Task objective: Only the pictures are to be dropped; return all other data below exactly.

Available data:
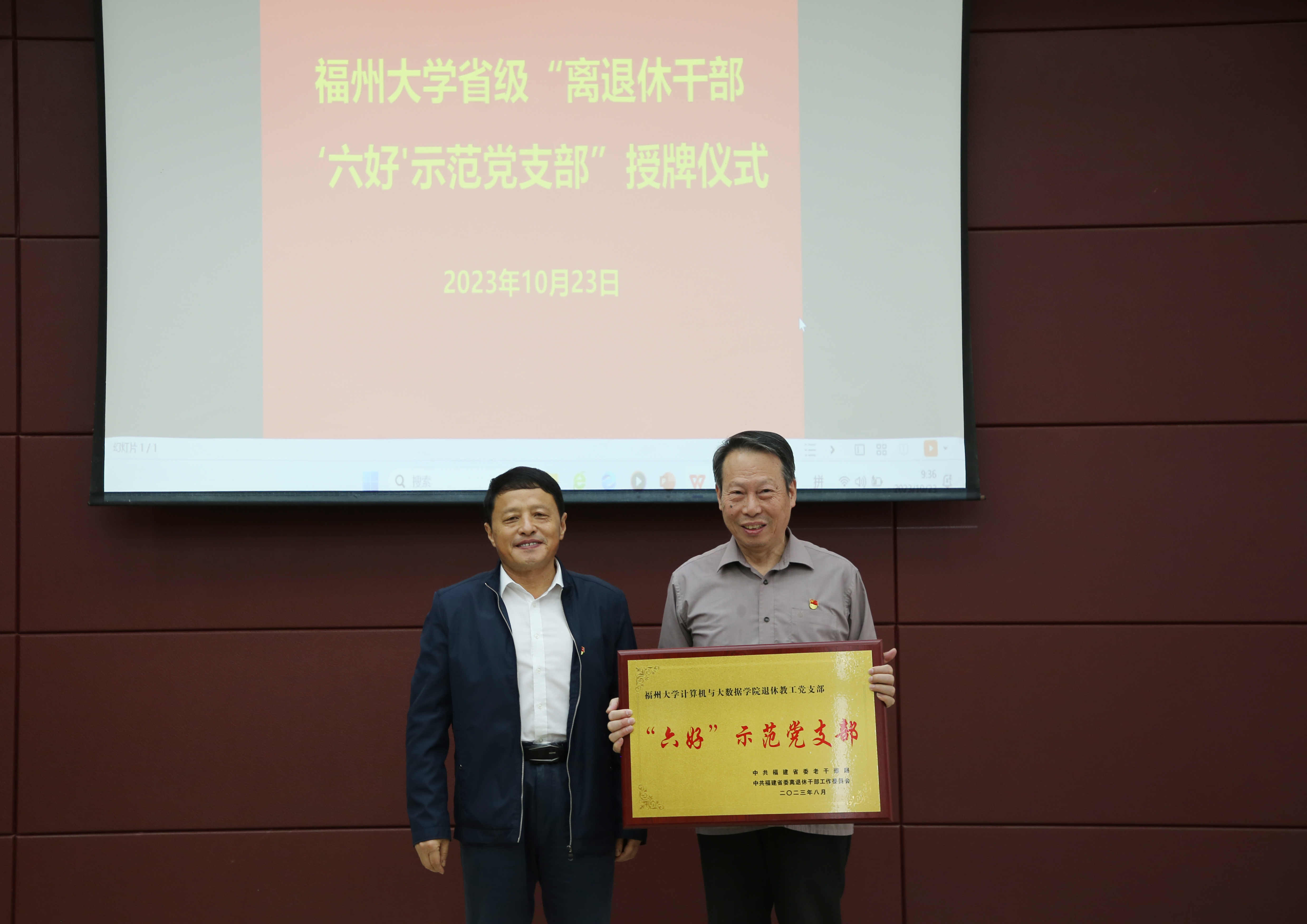 、计算机与大数据学院党委负责人和两个省级离退休干部“六好”示范党支部老同志代表出席了授牌仪式,仪式由离退休工作办公室负责人主持。
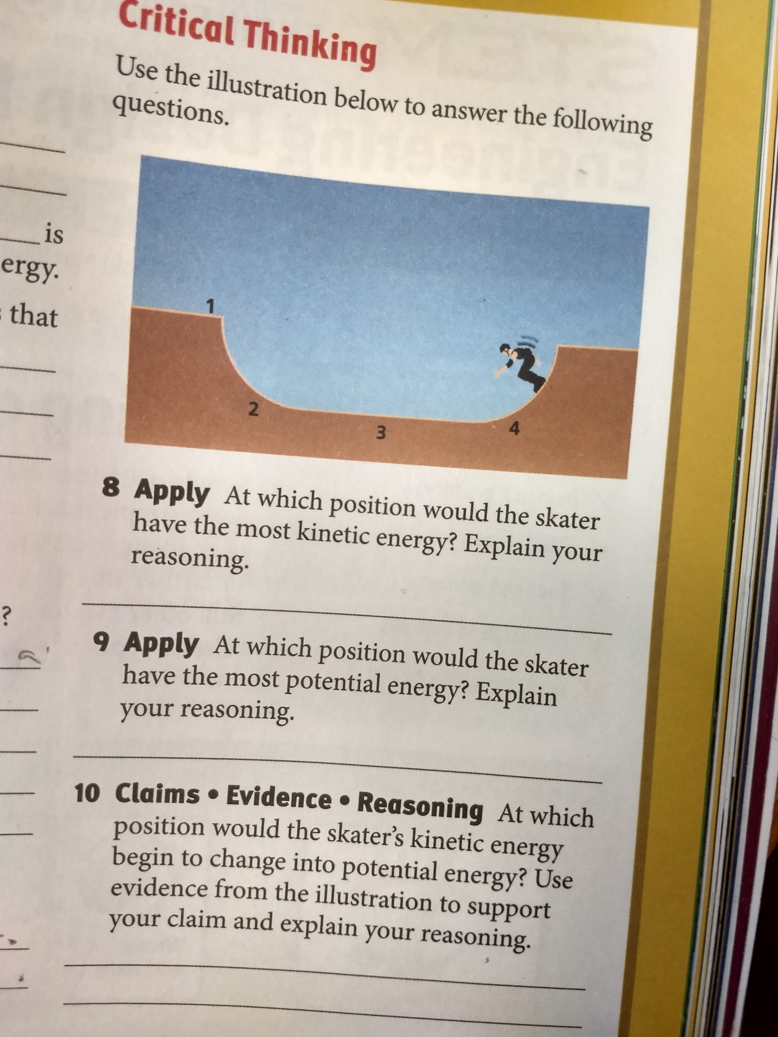 At four he is the highest, with the most potential energy, when he reaches 3 he will have the most kinetic energy as he is in the process of turning all the potential energy to kinetic, as he reaches 3 and 2 he loses all the kinetic energy, when he is at one, and not in motion ha has only potential nergy that is un-used.
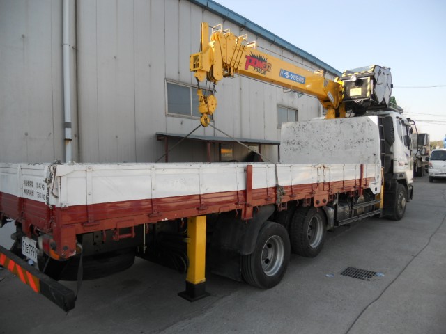 Манипулятор Daewoo Royal Novus 2009 год 7 тонн. Грузовик бортовой с крановой установкой. Шасси грузовик бортовой двухосный Daewoo Royal Novus 2009 года выпуска грузоподъемностью 7,5 тонн. Количество мест - 2 + спальник. Колесная формкла 4х2, дополнмительный неведущий мост-ленивец (аэроось). Двигатель дизельный производства Iveco F4AE, объемом - 5880см3, мощностью - 251 л.с. Шестиступенчатая коробка передач. Размеры: длинна - 10035мм, ширина - 2495мм, высота - 3 700мм. Длина борта - 6.45 м, ширина - 2.30 м.Стрела Soosan Power SCS736L II, вылетом - 22м, грузоподъемносью -7 т,6 вылетов,с 4-мя аутриггерами. Верхнее управление. Стоимость - 2 750 000 руб.
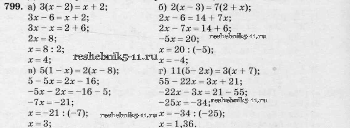Готовая домашняя работа с ответами по Математике за 6 класс Зубарева, Мордкович Учебник Мнемозина 2015 ФГОС - Упражнения 799

Answer section:
 、计算机与大数据学院党委负责人和两个省级离退休干部“六好”示范党支部老同志代表出席了授牌仪式,仪式由离退休工作办公室负责人主持。
 At four he is the highest, with the most potential energy, when he reaches 3 he will have the most kinetic energy as he is in the process of turning all the potential energy to kinetic, as he reaches 3 and 2 he loses all the kinetic energy, when he is at one, and not in motion ha has only potential nergy that is un-used.
 Манипулятор Daewoo Royal Novus 2009 год 7 тонн. Грузовик бортовой с крановой установкой. Шасси грузовик бортовой двухосный Daewoo Royal Novus 2009 года выпуска грузоподъемностью 7,5 тонн. Количество мест - 2 + спальник. Колесная формкла 4х2, дополнмительный неведущий мост-ленивец (аэроось). Двигатель дизельный производства Iveco F4AE, объемом - 5880см3, мощностью - 251 л.с. Шестиступенчатая коробка передач. Размеры: длинна - 10035мм, ширина - 2495мм, высота - 3 700мм. Длина борта - 6.45 м, ширина - 2.30 м.Стрела Soosan Power SCS736L II, вылетом - 22м, грузоподъемносью -7 т,6 вылетов,с 4-мя аутриггерами. Верхнее управление. Стоимость - 2 750 000 руб.
Готовая домашняя работа с ответами по Математике за 6 класс Зубарева, Мордкович Учебник Мнемозина 2015 ФГОС - Упражнения 799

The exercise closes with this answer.